Of course, all are not proper terms : "BEEN SET" or "EXPERIMENT HAS SHOWN", for instance, are bad. However, an evaluation has shown that specialists in this particular domain would keep at least three quaters of these terms.

In addition, such a list of terms can be quickly corrected, as compared to the time which would be involved in the manual selection of terms from free texts.

 

French texts

We carried out some experiments on French interviews about the fast-breeder reactor Super-Phenix. We performed the familiarisation step with good results except for the 'functional words' list in which we had to add some terms. This treatment will have to be improved. All the other initializations were automatically performed.

Data : Texts : 120,000 words in texts, 100 'functional words', 6 scheme words', 125 terms in the 'bootstrap'.

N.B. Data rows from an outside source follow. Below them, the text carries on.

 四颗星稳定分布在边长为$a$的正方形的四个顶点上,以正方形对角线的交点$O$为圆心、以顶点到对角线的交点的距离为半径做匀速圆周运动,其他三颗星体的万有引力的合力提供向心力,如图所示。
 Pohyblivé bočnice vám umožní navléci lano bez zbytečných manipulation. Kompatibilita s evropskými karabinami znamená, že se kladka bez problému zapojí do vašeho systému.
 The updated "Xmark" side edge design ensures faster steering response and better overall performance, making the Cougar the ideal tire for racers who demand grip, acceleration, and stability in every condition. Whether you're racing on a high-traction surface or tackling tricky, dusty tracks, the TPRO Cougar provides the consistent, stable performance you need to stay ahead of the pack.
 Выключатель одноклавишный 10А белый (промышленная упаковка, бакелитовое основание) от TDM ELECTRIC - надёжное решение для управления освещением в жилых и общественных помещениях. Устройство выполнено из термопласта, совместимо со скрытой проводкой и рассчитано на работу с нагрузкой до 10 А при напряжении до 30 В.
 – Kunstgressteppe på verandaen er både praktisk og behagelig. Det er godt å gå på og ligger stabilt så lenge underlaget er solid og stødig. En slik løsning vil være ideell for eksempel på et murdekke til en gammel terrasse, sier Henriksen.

Results : more than 3000 new terms.

These results have previously been published in [ENGU 92] annex 5 and 3.

 

Conclusion

The ANA system selects the terms about any technical or scientific domain. It is specialized in large corpora which has poor quality because it learns about the language used in texts through an induction process. The texts have not not be corrected, there is no need for any syntactical parser or lexicon,.

 

Currently we are using the same 'natural' approach to extract some semantic knowledge from networks build by the ANA system (see [ENGU 92] in annex 4).

Bibliography

[BETT 91]        Betts, R., Marrable, D., "Free text vs controlled vocabulary, retrieval precision and recall over large databases", Online Inf. 91, Dec., London, p.153-165, 1991.

[BRAI 71]         Braine, M.D.S., "The acquisition of language in infant and child", in C. Reed (Ed), "The Learning of Language", N-Y, Appleton, 1971.

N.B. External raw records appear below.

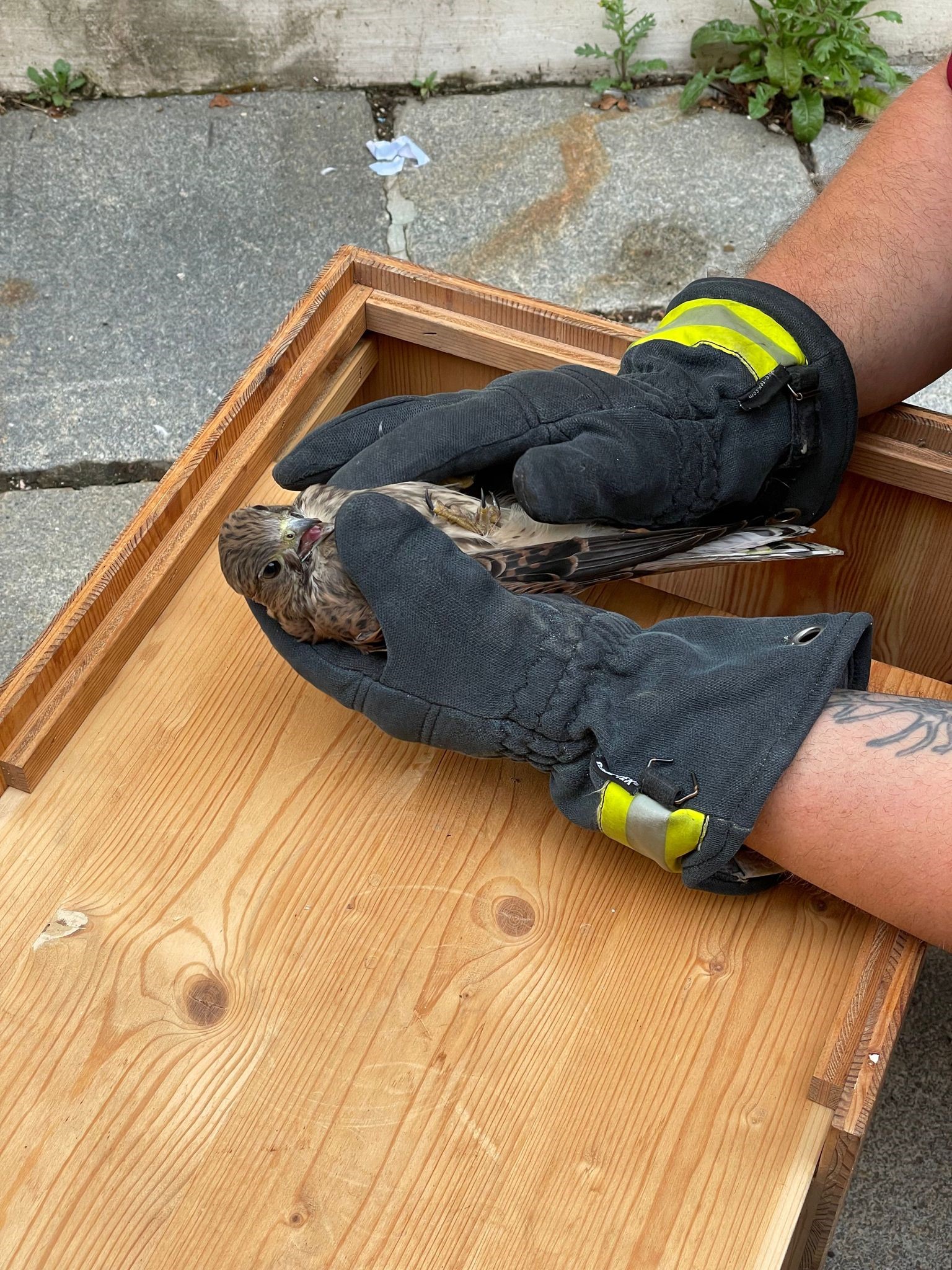 „Nach einer ersten Erkundung an der Einsatzstelle stellten wir fest, dass sich der Falke nicht selbstständig aus dem offenen Kamin befreien konnte“, erklärte Hirschpoltner und ergänzte, „dass wir uns anschließend bei einer Falknerin telefonisch rückversichert haben, wie wir den Burschen am schonendsten und damit tierfreundlichsten retten können“. Somit erfolgte als erste Maßnahme die Abdunkelung des Kamins, damit wurde der Bruchpilot in seiner misslichen Lage beruhigt und die Rettung konnte durchgeführt werden.
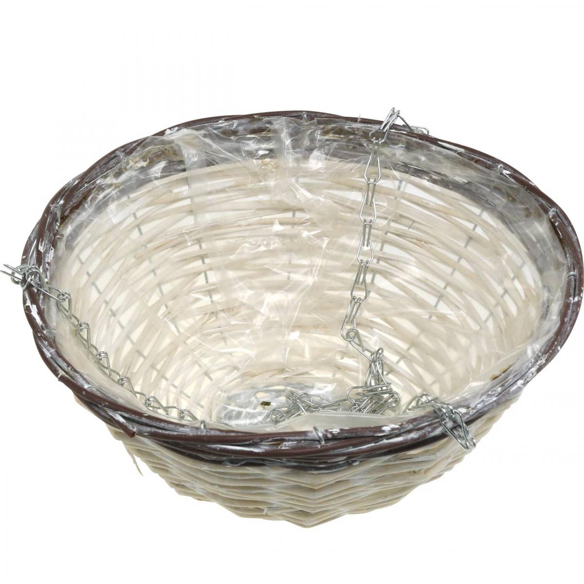 A barna és fehér színű chipkosár divatos, kopott, elegáns fehérben lett mosva, és praktikus felfüggesztéssel rendelkezik, amely három fémláncból áll, amelyek tetején egy erős kampó záródik.
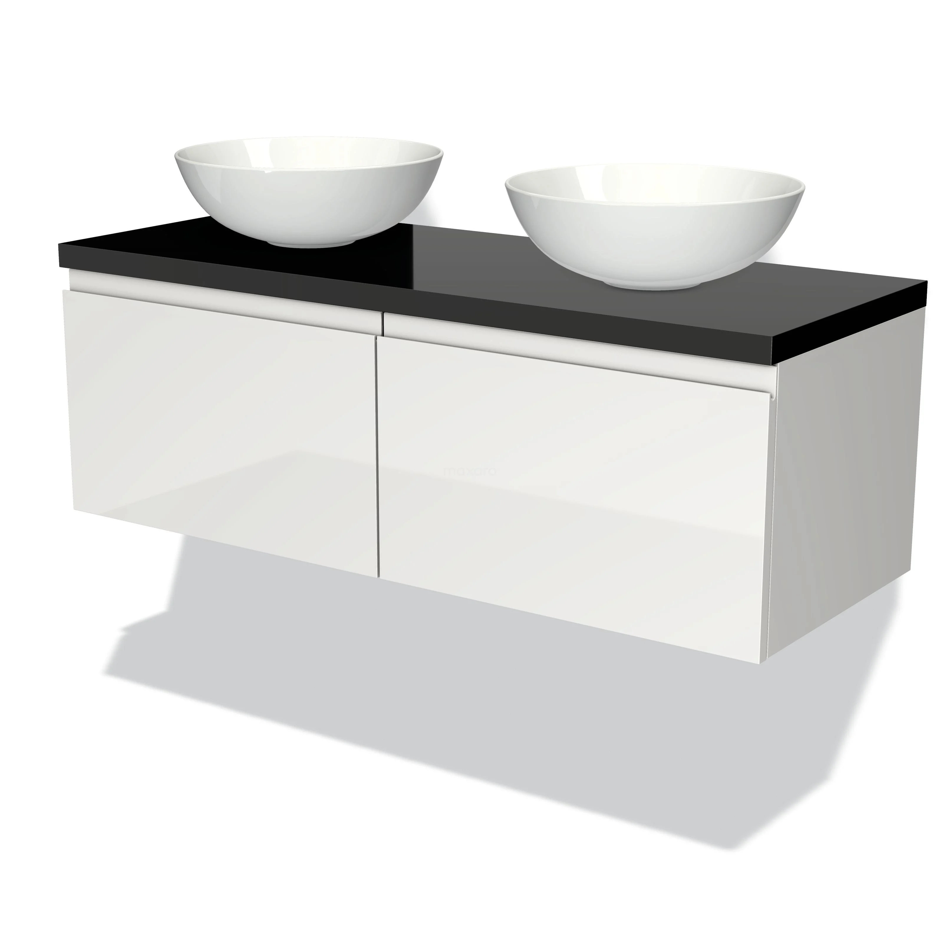 Hochglanz-Badmöbel für Aufsatzwaschbecken 120cm Modulo Plato Hochglanz Weiß 2 Schubladen Grifflos Hochglanz Schwarz Platte
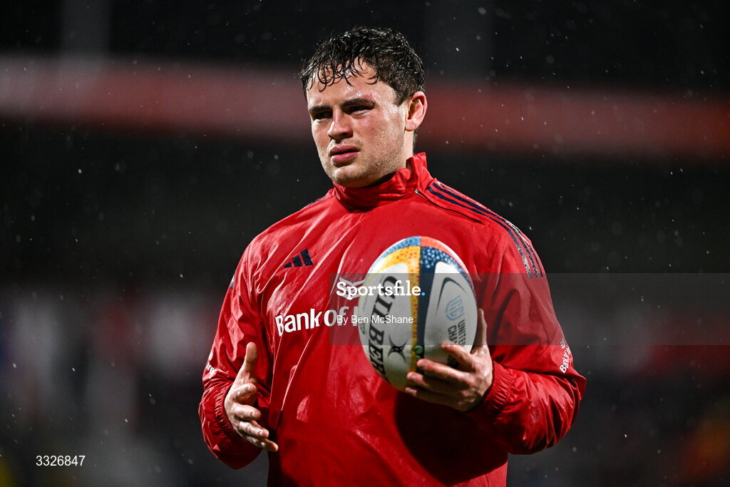 23 January 2026; Tony Butler of Munster before the United Rugby Championship match between Munster and Dragons at Virgin Media Park in Cork. Photo by Ben McShane/Sportsfile

[ENGU 92]        Enguehard, C., "ANA, Apprentissage Naturel Automatique d'un réseau sémantique", Thèse de Doctorat de l'Université de Technologie de Compiègne, Décembre, 1992.

[SMAD 89]      Smadja, F.A., "Lexical co-occurrence : the missing link", Lit. and Linguist. Comput. (UK), vol.4, n°3, p.163-168, 1989.

[SMAD 90]      Smadja, F.A., McKeown, K.R., "Automatically extracting and representing collocations for language Generation", 28th Annual Meeting of the Association for Computational Linguistics, NY, USA, p.252-259, 1990.

[WAGN 74]     Wagner, R.A., Fischer, M.J., "The string-to-string correction problem", J. of the ACM, vol.21, n°1, p.168-173, Jan., 1974.

 



[1]    According to [FALZ 89] we say that these texts are written in an operative language. These languages are characterized by the lack of synonymous and the strong use of the enunciative form.